Seluruh penumpang kapal disebut sebagai warga Kuba yang tinggal di Amerika Serikat. Para penyelidik langsung menahan dan kini berpura-pura hendak melakukan penyusupan dengan tujuan terorisme. “Para tersangka bermaksud melakukan infiltrasi untuk tujuan teroris. Dari kapal tersebut disita senapan serbu, pistol, bom molotov, serta perlengkapan bergaya militer lainnya,” demikian pernyataan resmi kementerian.
Otoritas Kuba juga merilis nama tujuh orang yang berada di kapal dan menyebut sebagian besar dari 10 penumpang memiliki catatan aktivitas kriminal dan kekerasan di Kuba. Selain itu, seorang pria lain yang disebut dikirim dari Amerika Serikat untuk terlibat dalam operasi tersebut telah ditangkap di daratan Kuba dan mengakui keterlibatannya.
Pemerintah Kuba selama ini sering melaporkan adanya penyusupan kapal cepat dari Amerika Serikat ke wilayah perairannya. Namun, bentrokan yang berakhir dengan korban jiwa tergolong jarang terjadi. Insiden semacam itu sering dikaitkan dengan penyelundupan manusia, perdagangan narkotika, hingga serangan pasukan terhadap aparat perbatasan.
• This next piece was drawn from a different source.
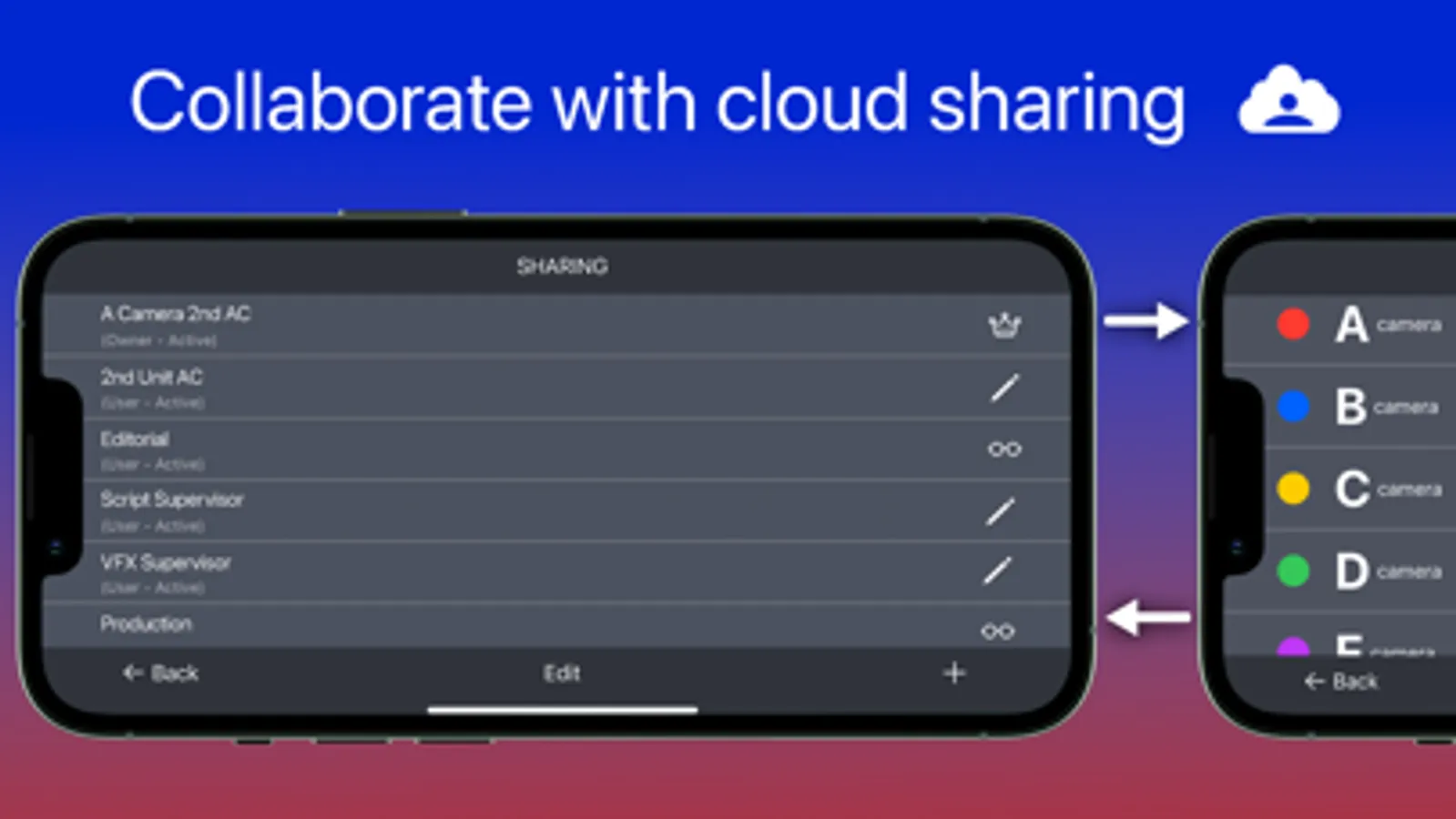 SHARE - Share a project with 2nd or other units, production, edit, post, VFX, script supervisors or any crew. They can then access the project data and generate reports directly, saving precious time on queries. A department needs to check something they can! Data added by participants (with write permission) magically syncs to everyone in the share group. Set individual read or write permissions to prevent editing and control the level of access. Remove participants or stop sharing any time and the project will disappear from their device. No internet, no problem, data added offline will sync when you are next connected.

Di Washington, Menteri Luar Negeri AS Marco Rubio menegaskan bahwa pemerintah Amerika Serikat tidak terlibat dalam kejadian tersebut. Ia menyatakan akan melakukan penyelidikan sebelum mengambil langkah lanjutan. “Kami tidak terlibat dalam kejadian ini. Kami akan menyelidiki fakta-faktanya dan akan merespons sesuai hasil penyelidikan,” kata Rubio.
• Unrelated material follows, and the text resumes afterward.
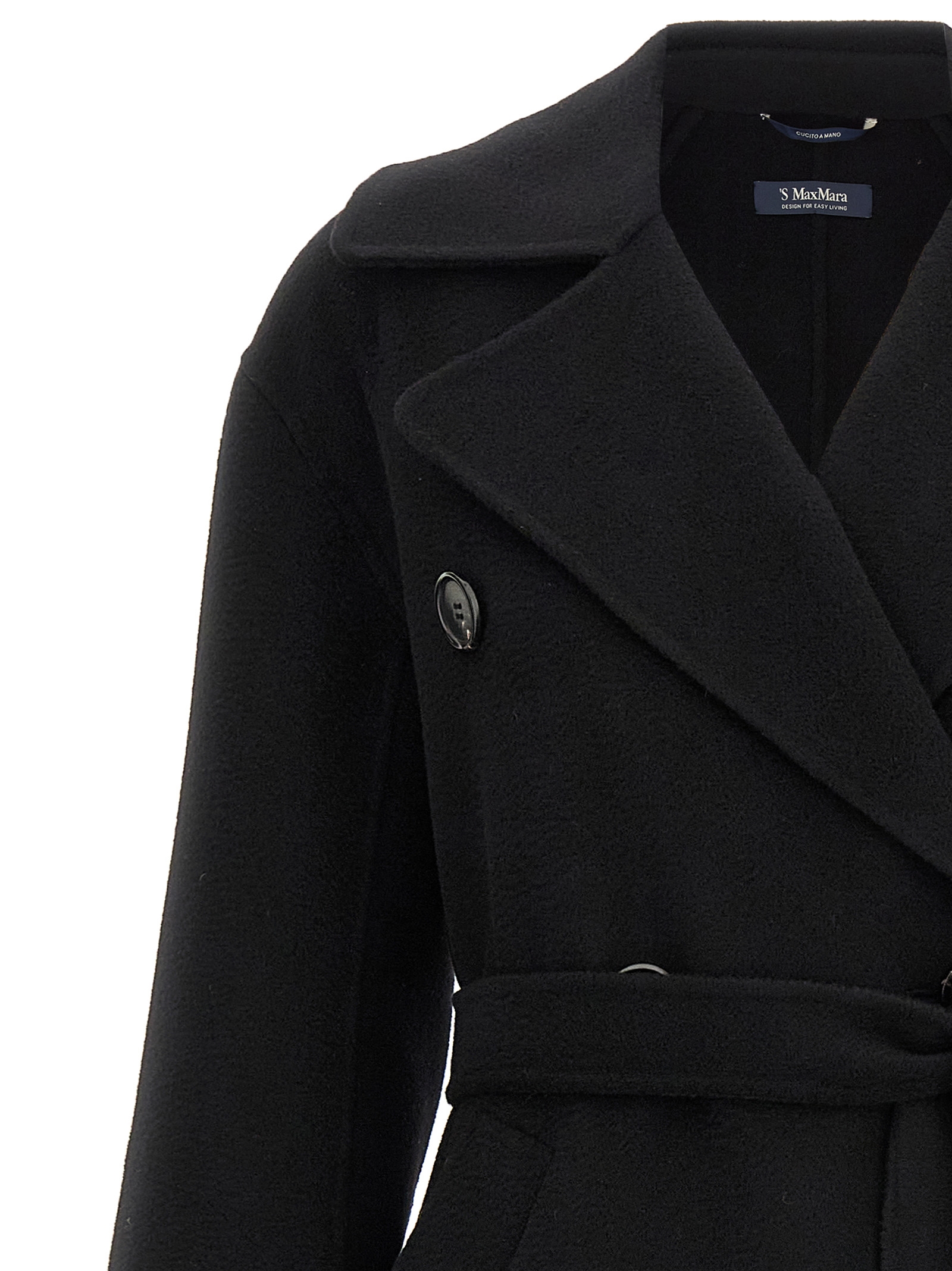 'Dalila' довге пальто з двосторонньої драпіровки з чистої вовни, пошите вручну, двобортний стиль з передньою застібкою на гудзиках, лацканний комір, кишені, довгі рукава з спущеними плечима, розріз ззаду, без підкладки, знімний пояс.

Jaksa Agung Negara Bagian Florida juga memerintahkan penyelidikan atas kejadian tersebut, mengingat lokasi Florida yang berjarak sekitar 160 kilometer dari Kuba melintasi Selat Florida.
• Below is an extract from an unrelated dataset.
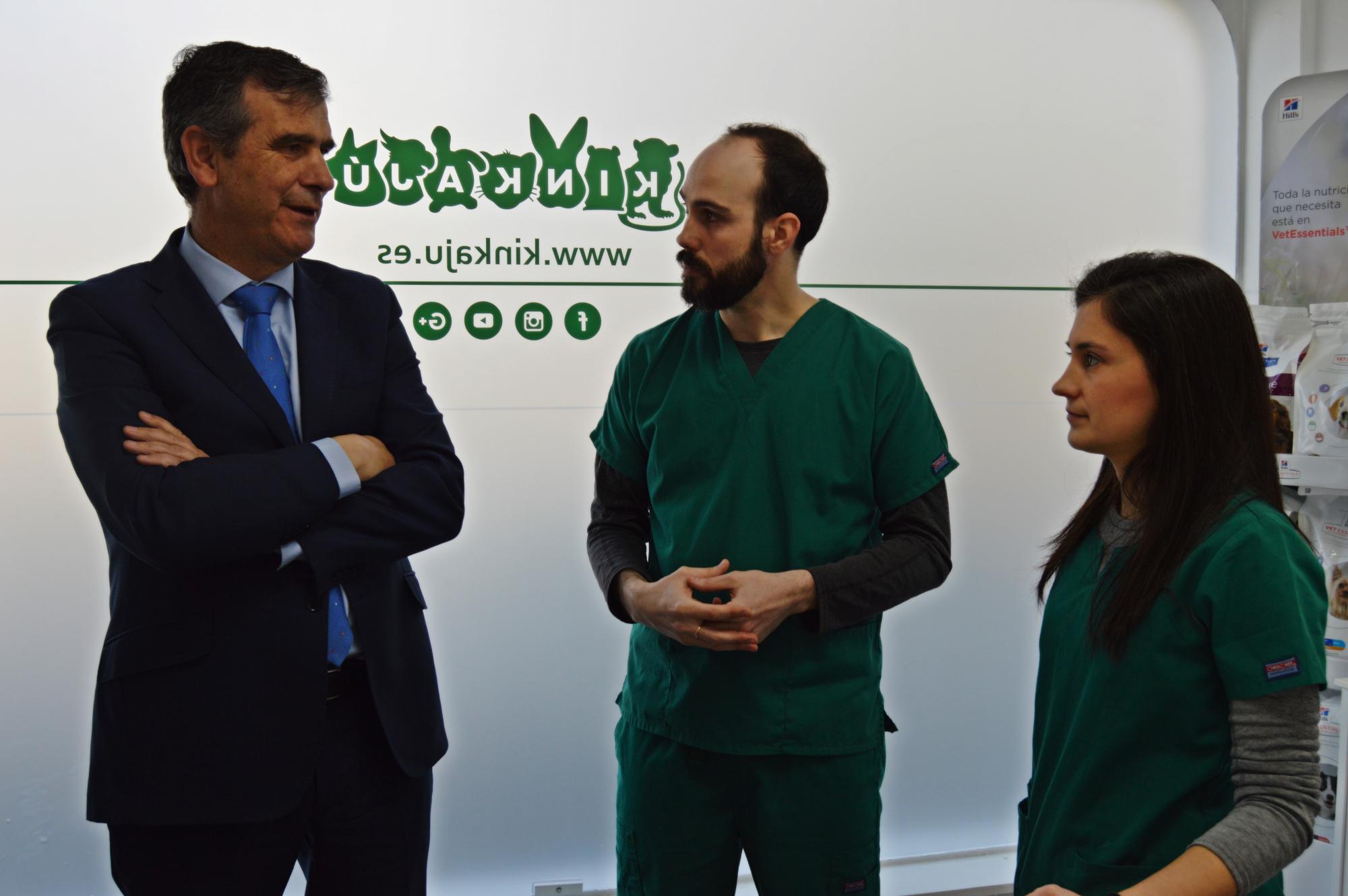 Antonio Román, alcalde de Guadalajara, ha visitado junto a la concejala de Empleo, Isabel Nogueroles, la clínica veterninaria “Kinkaju”, cuyo propietario, Gerardo Sierra, ha sido uno de los beneficiarios de las ayudas que ofrece el Ayuntamiento para el fomento del empleo local. Concretamente, se acogió a la línea de apoyo a los emprendedores, a través de la cual el consistorio destina ayudas para el pago de salarios y cotizaciones, cuotas de colegios profesionales y mutualidades, y gastos corrientes y de inversión.

Insiden ini terjadi di tengah meningkatnya tekanan ekonomi terhadap Kuba. Pemerintah komunis negara itu menghadapi tantangan berat setelah kehilangan dukungan pasokan energi utama dari Venezuela, menyusul perubahan situasi politik di negara tersebut. Kondisi itu mengirimkan situasi ekonomi domestik yang telah ditekankan akibat sanksi Amerika Serikat.
Bagi pemerintah Kuba, peristiwa ini tidak hanya melanggar wilayah, melainkan ancaman langsung terhadap stabilitas nasional yang dianggap sebagai tindakan toleransi lintas batas. Sementara itu, pihak Amerika Serikat menegaskan perlunya klarifikasi menyeluruh sebelum menyimpulkan motif maupun karakter kejadian tersebut.